"""

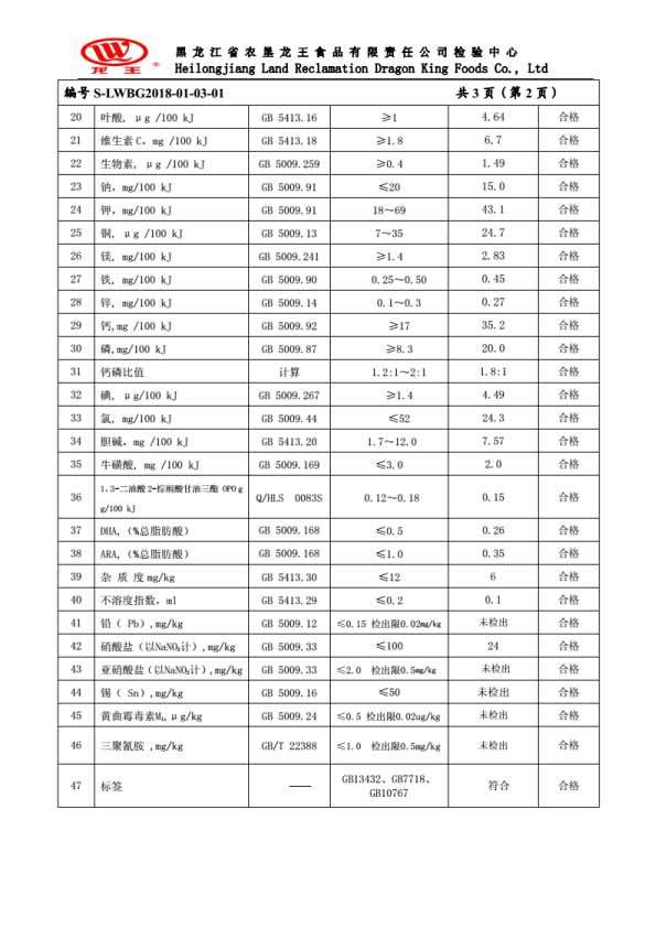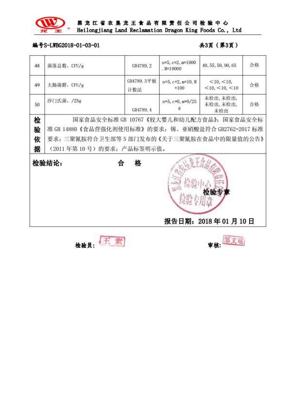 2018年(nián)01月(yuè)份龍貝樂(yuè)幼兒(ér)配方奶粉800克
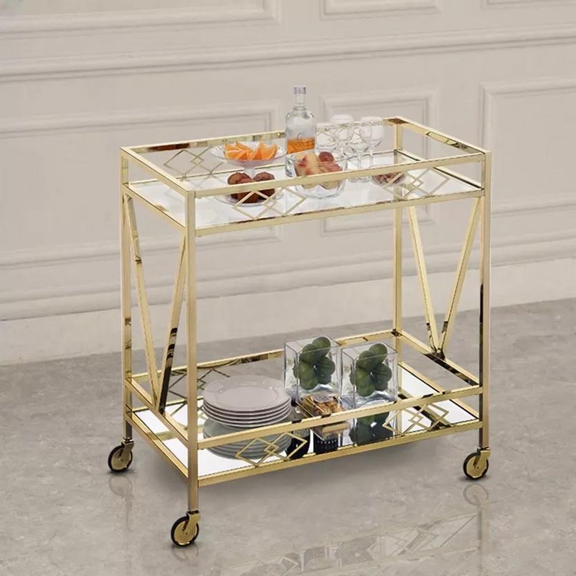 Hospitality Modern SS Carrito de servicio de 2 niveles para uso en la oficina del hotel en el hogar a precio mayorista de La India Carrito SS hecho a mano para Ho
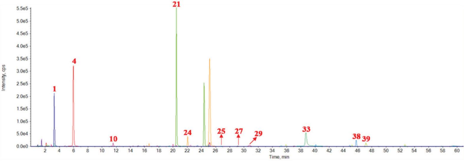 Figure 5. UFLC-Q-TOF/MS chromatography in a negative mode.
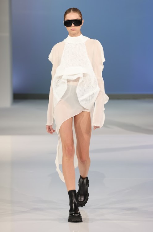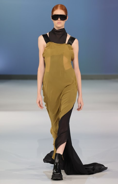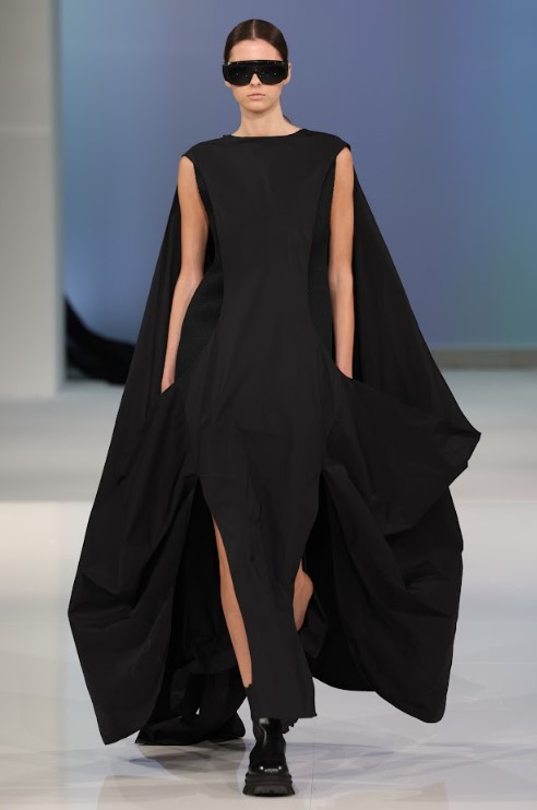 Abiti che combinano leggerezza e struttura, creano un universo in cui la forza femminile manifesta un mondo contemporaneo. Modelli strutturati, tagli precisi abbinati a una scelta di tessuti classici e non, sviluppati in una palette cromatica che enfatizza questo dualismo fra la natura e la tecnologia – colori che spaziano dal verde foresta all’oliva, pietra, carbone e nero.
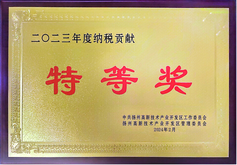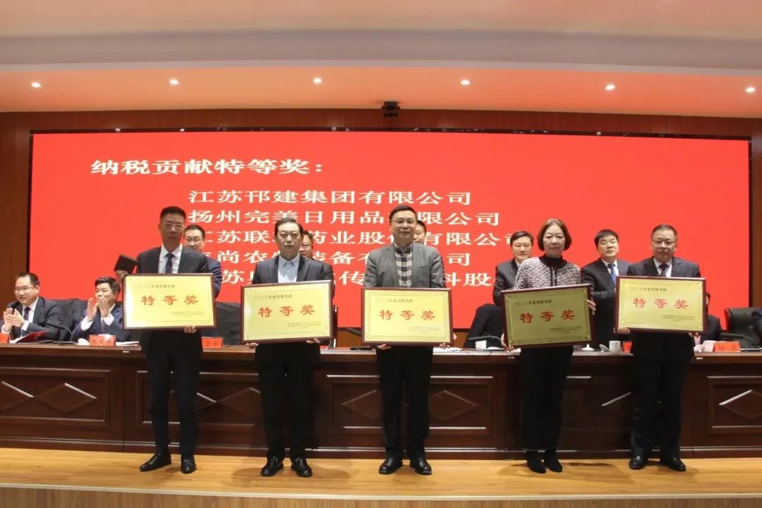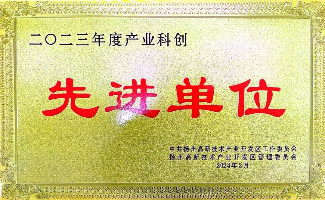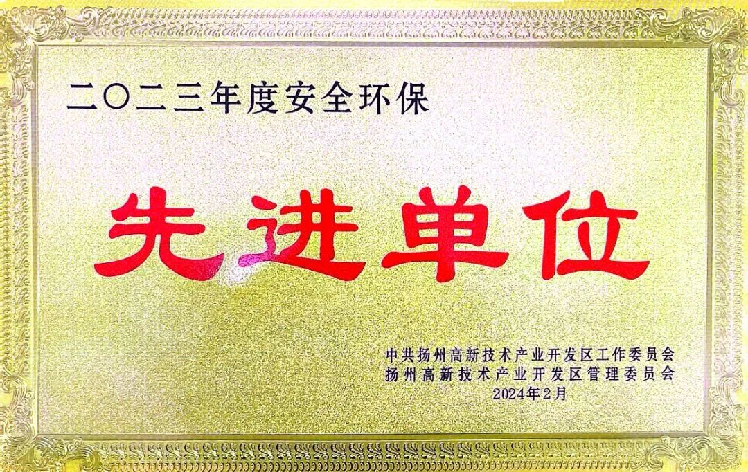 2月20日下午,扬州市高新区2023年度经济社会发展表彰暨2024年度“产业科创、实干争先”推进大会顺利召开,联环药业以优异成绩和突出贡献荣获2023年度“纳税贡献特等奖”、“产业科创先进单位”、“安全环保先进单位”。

"""
"""

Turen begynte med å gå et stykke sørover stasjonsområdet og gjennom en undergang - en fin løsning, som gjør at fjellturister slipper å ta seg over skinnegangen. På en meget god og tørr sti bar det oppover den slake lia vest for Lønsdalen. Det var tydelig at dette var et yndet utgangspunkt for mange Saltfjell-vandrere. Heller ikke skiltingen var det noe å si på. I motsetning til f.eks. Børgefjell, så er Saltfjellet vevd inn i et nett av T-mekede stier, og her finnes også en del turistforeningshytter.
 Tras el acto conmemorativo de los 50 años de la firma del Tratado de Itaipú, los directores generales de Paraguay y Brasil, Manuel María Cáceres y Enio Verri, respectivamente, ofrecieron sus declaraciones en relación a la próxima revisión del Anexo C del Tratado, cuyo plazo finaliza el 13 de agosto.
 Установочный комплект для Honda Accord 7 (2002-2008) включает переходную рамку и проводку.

"""
"""

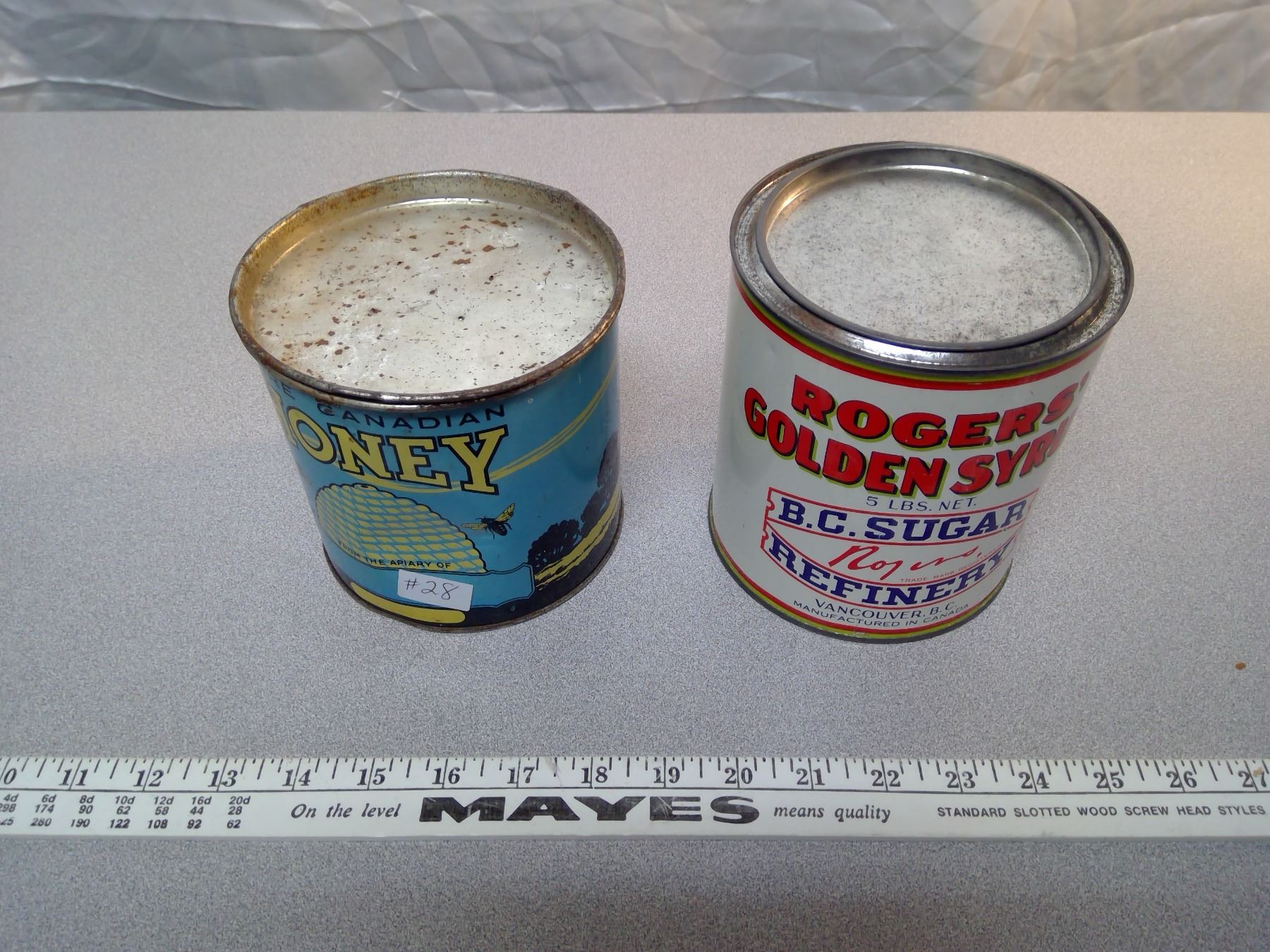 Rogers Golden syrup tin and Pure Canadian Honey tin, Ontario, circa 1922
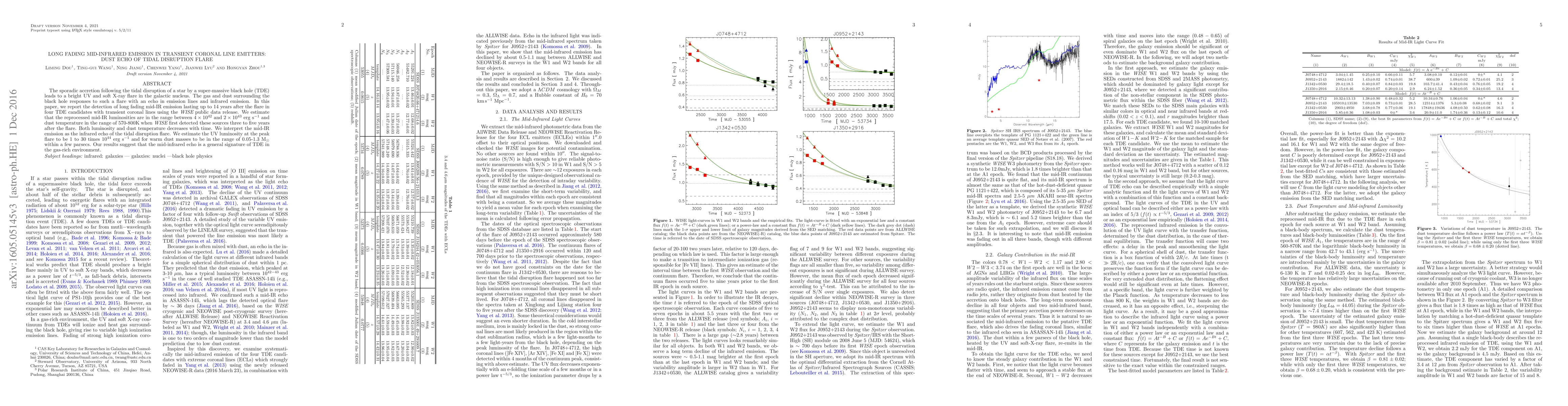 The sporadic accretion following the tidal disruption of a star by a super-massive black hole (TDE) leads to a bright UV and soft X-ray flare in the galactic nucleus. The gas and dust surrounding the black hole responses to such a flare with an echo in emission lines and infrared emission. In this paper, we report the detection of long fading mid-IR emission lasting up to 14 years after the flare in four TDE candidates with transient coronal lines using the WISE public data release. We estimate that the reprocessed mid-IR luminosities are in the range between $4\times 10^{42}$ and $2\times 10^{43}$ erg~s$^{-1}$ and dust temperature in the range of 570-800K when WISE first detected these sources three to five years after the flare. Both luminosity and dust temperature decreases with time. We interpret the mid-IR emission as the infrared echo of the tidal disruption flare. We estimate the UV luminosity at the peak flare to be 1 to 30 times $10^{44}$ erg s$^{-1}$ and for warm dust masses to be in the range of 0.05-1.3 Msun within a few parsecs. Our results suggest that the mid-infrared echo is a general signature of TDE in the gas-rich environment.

"""

Taking the entries above, write out exactly the lines starting with the line containing "Tras el acto" and going on through the line containing "Установочный комплект для", both included, and nothing else.

 Tras el acto conmemorativo de los 50 años de la firma del Tratado de Itaipú, los directores generales de Paraguay y Brasil, Manuel María Cáceres y Enio Verri, respectivamente, ofrecieron sus declaraciones en relación a la próxima revisión del Anexo C del Tratado, cuyo plazo finaliza el 13 de agosto.
 Установочный комплект для Honda Accord 7 (2002-2008) включает переходную рамку и проводку.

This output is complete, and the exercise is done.